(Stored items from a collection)

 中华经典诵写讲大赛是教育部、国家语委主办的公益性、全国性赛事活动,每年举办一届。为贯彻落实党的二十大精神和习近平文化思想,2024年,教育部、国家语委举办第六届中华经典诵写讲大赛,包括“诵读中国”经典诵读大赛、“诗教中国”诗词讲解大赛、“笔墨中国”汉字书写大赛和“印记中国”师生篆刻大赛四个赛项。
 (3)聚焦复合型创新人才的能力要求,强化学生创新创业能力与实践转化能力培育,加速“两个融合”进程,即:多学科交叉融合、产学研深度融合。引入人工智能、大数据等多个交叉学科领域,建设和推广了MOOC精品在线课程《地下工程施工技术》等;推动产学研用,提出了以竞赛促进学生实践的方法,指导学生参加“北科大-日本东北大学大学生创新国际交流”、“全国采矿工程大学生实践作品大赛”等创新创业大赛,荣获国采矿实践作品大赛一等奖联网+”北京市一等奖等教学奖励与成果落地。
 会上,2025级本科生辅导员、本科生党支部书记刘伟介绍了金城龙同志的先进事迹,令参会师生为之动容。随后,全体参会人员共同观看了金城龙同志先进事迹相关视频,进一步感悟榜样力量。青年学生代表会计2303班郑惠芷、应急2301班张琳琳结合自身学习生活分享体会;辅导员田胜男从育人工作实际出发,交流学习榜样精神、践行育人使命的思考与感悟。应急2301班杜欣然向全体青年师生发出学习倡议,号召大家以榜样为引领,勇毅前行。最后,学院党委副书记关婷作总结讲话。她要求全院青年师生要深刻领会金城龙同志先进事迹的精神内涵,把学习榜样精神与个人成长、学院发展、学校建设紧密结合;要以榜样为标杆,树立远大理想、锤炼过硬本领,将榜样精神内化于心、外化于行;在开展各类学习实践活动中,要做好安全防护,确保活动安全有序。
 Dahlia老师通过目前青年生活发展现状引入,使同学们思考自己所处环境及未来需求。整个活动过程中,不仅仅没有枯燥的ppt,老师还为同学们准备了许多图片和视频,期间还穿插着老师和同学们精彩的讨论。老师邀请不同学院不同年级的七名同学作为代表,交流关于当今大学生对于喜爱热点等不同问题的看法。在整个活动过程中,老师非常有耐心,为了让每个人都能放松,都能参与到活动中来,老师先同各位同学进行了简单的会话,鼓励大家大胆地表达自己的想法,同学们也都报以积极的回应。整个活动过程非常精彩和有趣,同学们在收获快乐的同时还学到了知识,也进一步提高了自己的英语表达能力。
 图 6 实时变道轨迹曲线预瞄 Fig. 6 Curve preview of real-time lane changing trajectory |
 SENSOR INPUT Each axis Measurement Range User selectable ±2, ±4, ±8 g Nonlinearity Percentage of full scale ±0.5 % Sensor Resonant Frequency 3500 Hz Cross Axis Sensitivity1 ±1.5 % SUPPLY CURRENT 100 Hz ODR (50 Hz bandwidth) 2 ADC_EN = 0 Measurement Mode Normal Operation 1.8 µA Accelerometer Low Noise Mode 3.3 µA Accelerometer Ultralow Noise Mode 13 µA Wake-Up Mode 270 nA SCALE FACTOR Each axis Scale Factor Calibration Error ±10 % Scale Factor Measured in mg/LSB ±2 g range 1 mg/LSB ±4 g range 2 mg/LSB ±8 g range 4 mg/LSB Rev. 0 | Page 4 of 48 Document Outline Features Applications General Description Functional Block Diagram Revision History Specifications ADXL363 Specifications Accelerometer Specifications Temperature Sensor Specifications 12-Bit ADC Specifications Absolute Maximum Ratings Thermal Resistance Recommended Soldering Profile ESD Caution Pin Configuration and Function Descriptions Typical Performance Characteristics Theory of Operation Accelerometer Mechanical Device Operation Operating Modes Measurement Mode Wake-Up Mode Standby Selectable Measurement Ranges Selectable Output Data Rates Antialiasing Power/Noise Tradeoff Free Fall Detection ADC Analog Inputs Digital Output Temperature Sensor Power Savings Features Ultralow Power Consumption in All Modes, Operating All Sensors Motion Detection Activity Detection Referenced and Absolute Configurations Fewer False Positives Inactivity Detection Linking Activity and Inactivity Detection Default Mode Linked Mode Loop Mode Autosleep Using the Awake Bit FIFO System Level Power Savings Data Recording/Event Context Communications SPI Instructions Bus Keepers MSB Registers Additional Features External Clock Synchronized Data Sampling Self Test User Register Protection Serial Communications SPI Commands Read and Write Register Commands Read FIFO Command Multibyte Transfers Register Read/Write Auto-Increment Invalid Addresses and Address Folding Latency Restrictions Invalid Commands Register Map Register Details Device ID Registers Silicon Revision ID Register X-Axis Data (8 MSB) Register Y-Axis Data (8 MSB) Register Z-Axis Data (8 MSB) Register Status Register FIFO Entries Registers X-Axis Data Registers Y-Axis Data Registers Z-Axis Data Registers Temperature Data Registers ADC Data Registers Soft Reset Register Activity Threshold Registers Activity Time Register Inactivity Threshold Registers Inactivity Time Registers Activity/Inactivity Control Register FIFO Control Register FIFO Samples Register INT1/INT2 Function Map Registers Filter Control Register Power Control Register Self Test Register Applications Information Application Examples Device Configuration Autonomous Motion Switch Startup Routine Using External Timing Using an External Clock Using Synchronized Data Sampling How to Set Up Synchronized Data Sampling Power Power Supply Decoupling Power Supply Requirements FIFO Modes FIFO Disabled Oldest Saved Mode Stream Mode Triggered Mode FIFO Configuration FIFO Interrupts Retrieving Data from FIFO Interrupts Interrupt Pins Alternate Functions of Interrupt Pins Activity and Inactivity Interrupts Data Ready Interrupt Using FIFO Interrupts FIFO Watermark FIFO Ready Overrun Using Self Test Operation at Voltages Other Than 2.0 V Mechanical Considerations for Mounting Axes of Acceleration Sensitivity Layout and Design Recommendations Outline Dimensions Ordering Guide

◆ **EXERCISE**
Write out exactly the lines that fall from the line with "Dahlia老师通过目前青年" to the line with "图 6 实时变道轨迹曲线预瞄" in the records above, keeping both ends.

◆ **COMPLETED EXERCISE**
 Dahlia老师通过目前青年生活发展现状引入,使同学们思考自己所处环境及未来需求。整个活动过程中,不仅仅没有枯燥的ppt,老师还为同学们准备了许多图片和视频,期间还穿插着老师和同学们精彩的讨论。老师邀请不同学院不同年级的七名同学作为代表,交流关于当今大学生对于喜爱热点等不同问题的看法。在整个活动过程中,老师非常有耐心,为了让每个人都能放松,都能参与到活动中来,老师先同各位同学进行了简单的会话,鼓励大家大胆地表达自己的想法,同学们也都报以积极的回应。整个活动过程非常精彩和有趣,同学们在收获快乐的同时还学到了知识,也进一步提高了自己的英语表达能力。
 图 6 实时变道轨迹曲线预瞄 Fig. 6 Curve preview of real-time lane changing trajectory |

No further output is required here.